--- START ---
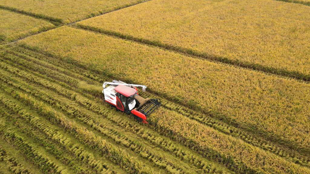 9月28日,合肥市肥西县花岗镇河丰社区村民驾驶收割机收获中稻(无人机照片)。新华社记者 刘军喜 摄
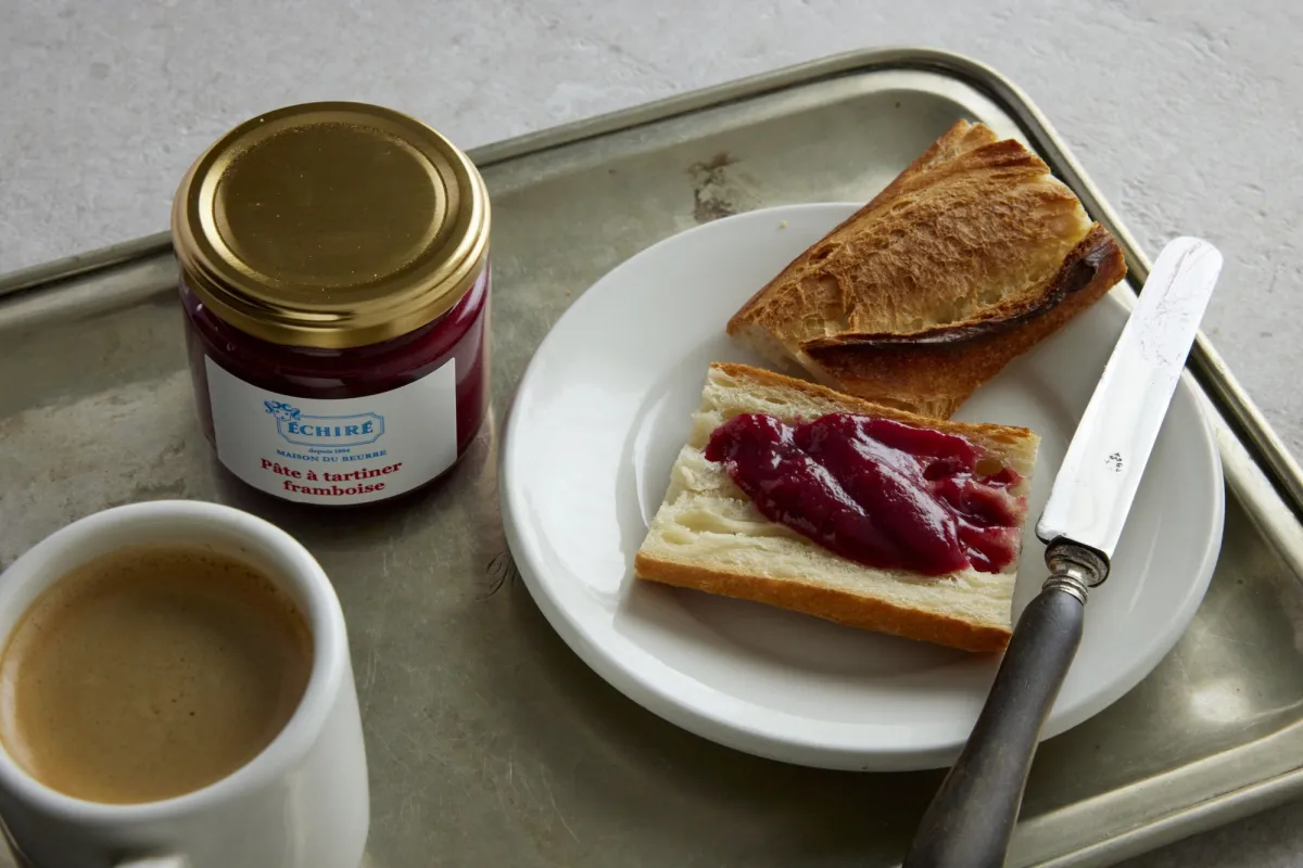 エシレ・メゾン デュ ブールでは、フランス人が愛してやまないフランボワーズを使い、新たに開発したこのペーストは、特にそのバターの濃厚さとフランボワーズのフルーティーな味わいを引き立てることを目指しています。フランボワーズ特有の酸味が、濃厚なバターと相まって、深い余韻を持つ味わいを生み出しました。
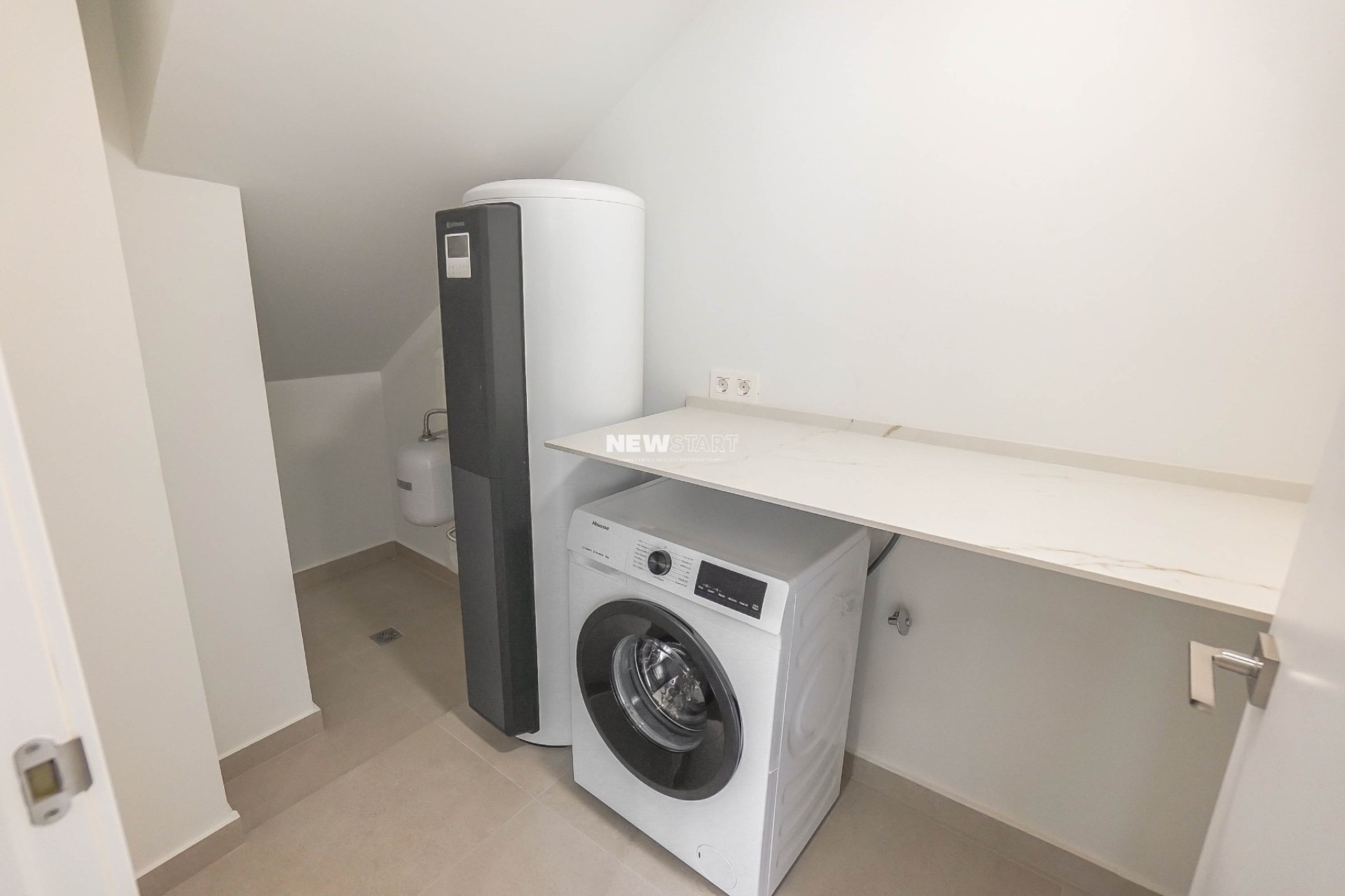 På bottenvåningen möts du av ett ljust och rymligt vardagsrum med matplats, förstärkt av fönster från golv till tak som fyller hemmet med naturligt ljus. Ett stilrent kök i öppen planlösning med en elegant köksö med sittplatser och bänkskivor i Silestone kompletterar den moderna designen, tillsammans med en separat tvättstuga bakom köket. Från vardagsrummet leder stora skjutdörrar ut till en helkaklad trädgård med privat pool. På denna våning finns även ett bekvämt dubbelrum med inbyggda garderober samt ett modernt badrum med dusch från vägg till vägg, vägghängd toalett och vägghängt handfat.
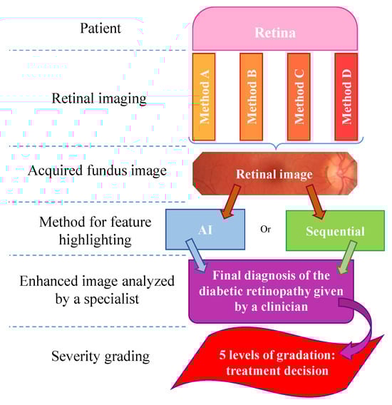 Once retinal images have been successfully acquired, they can be analyzed to identify and grade the patient’s ocular condition. This analysis can be performed manually by an ophthalmologist or other qualified professionals such as optometrists, general practitioners, or certified retinal graders, using computer-aided diagnostic tools. In recent years, automated methods—particularly those based on deep learning—have gained significant traction for DR detection, as outlined in the diagnostic flowchart in Figure 2. These methods generally fall into two categories: learning-based approaches and sequential (rule-based) processes.
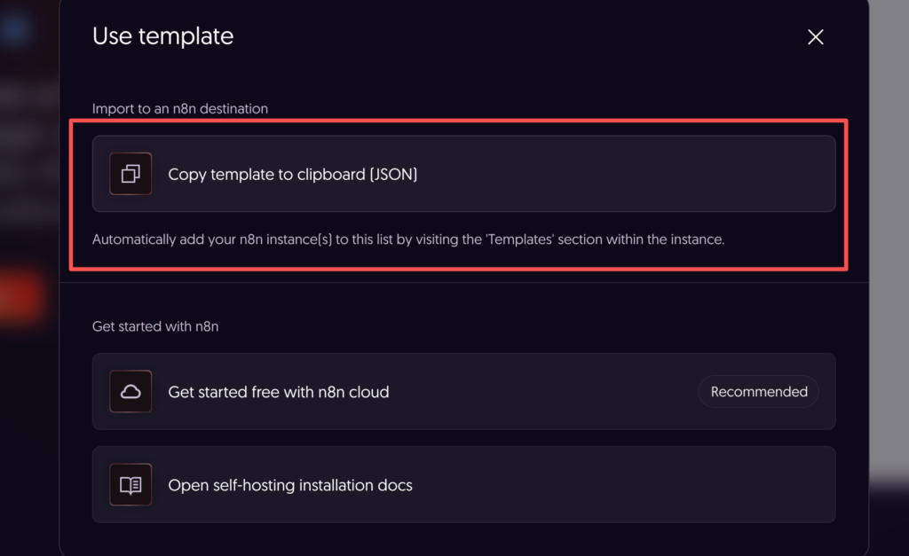 回到你的N8N工作后台,直接把刚才的模板复制过来
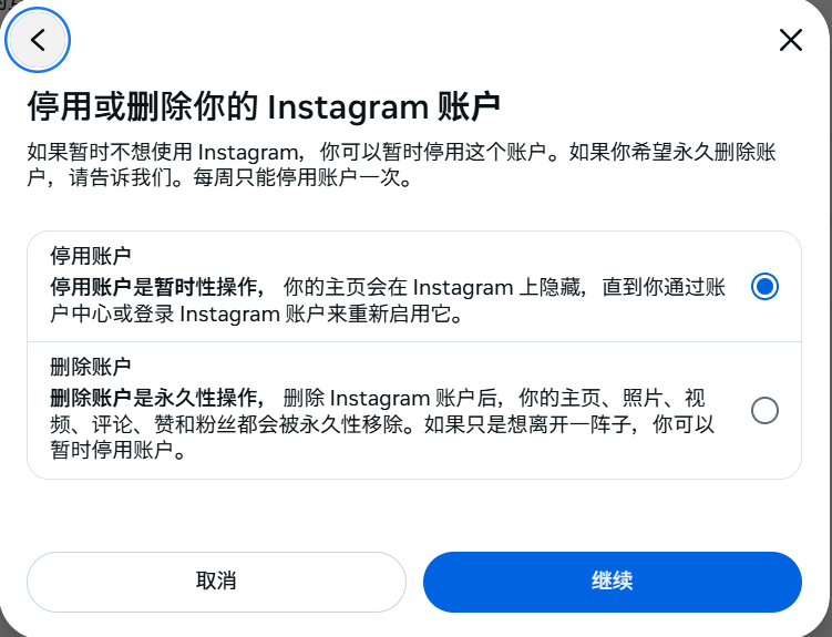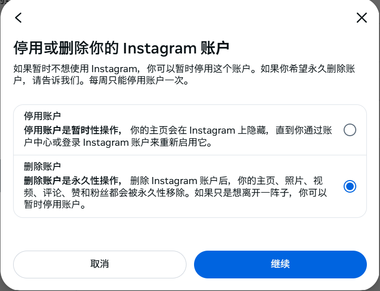 无论你的原因是什么,Instagram 都提供“删除”和“停用”两种方式,以下将逐一说明。
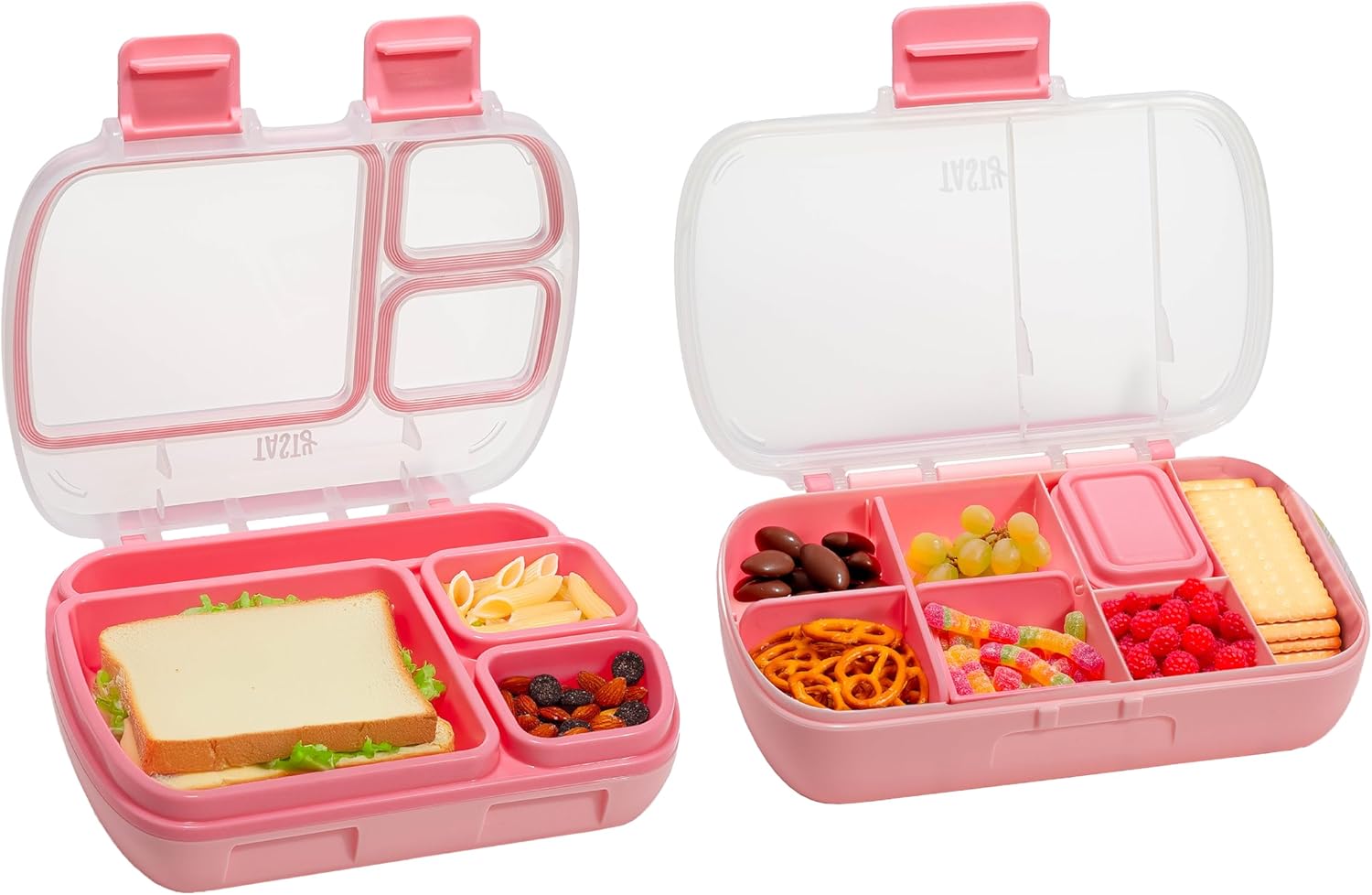 Take meal prep to the next level with the Tasty 2-Piece Snack & Lunch Box Set, designed for ultimate convenience and organization. The bento-style lunch box features 4 compartments with a removable food tray for easy, on-the-go meals. The snack box features 7 compartments with two removable dividers and a 2.9 oz dip container. Customize meals your way, making sections bigger or smaller as needed. Both boxes feature a built-in phone stand, so you can catch up on your favorite videos while you eat. With foldable carry handles for easy transport and secure latches to keep everything in place, this set is perfect for any on-the-go munching. Hand wash only to maintain long-lasting durability. Get ready to snack and lunch smarter with the Tasty 2-Piece Snack & Bento Box Set—because eating on the go should be fun, functional, and stress-free!
--- END ---
▶ [WHAT YOU SHOULD DO] Here the lines from the one with "无论你的原因是什么,Inst" through the last line of the data above need to be repeated exactly, both included, and any picture omitted.

▶ [SOLUTION TO THE PROBLEM]
 无论你的原因是什么,Instagram 都提供“删除”和“停用”两种方式,以下将逐一说明。
 Take meal prep to the next level with the Tasty 2-Piece Snack & Lunch Box Set, designed for ultimate convenience and organization. The bento-style lunch box features 4 compartments with a removable food tray for easy, on-the-go meals. The snack box features 7 compartments with two removable dividers and a 2.9 oz dip container. Customize meals your way, making sections bigger or smaller as needed. Both boxes feature a built-in phone stand, so you can catch up on your favorite videos while you eat. With foldable carry handles for easy transport and secure latches to keep everything in place, this set is perfect for any on-the-go munching. Hand wash only to maintain long-lasting durability. Get ready to snack and lunch smarter with the Tasty 2-Piece Snack & Bento Box Set—because eating on the go should be fun, functional, and stress-free!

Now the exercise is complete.